> [Exercise goal] Entries follow. Give back exactly the lines starting at the one containing "Flight details: From" and ending at the one containing "清代著名女画家恽怀英《天中景", and no other lines.

Segment Start: Material for this task

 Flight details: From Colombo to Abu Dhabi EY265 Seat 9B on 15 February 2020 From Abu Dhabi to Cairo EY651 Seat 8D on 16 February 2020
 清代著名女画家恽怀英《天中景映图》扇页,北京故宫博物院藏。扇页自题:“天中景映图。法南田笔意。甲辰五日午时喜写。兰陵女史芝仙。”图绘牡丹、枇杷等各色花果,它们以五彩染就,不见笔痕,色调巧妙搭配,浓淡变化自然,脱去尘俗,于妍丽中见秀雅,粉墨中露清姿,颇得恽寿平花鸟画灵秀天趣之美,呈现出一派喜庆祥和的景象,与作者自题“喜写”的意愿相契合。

Segment End: Material for this task
Segment Start: Material for this task

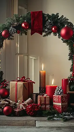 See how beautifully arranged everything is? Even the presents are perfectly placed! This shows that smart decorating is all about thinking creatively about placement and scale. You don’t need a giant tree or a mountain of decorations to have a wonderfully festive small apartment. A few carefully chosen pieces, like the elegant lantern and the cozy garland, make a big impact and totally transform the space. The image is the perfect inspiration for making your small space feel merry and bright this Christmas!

Segment End: Material for this task

> [Result of this task]
 Flight details: From Colombo to Abu Dhabi EY265 Seat 9B on 15 February 2020 From Abu Dhabi to Cairo EY651 Seat 8D on 16 February 2020
 清代著名女画家恽怀英《天中景映图》扇页,北京故宫博物院藏。扇页自题:“天中景映图。法南田笔意。甲辰五日午时喜写。兰陵女史芝仙。”图绘牡丹、枇杷等各色花果,它们以五彩染就,不见笔痕,色调巧妙搭配,浓淡变化自然,脱去尘俗,于妍丽中见秀雅,粉墨中露清姿,颇得恽寿平花鸟画灵秀天趣之美,呈现出一派喜庆祥和的景象,与作者自题“喜写”的意愿相契合。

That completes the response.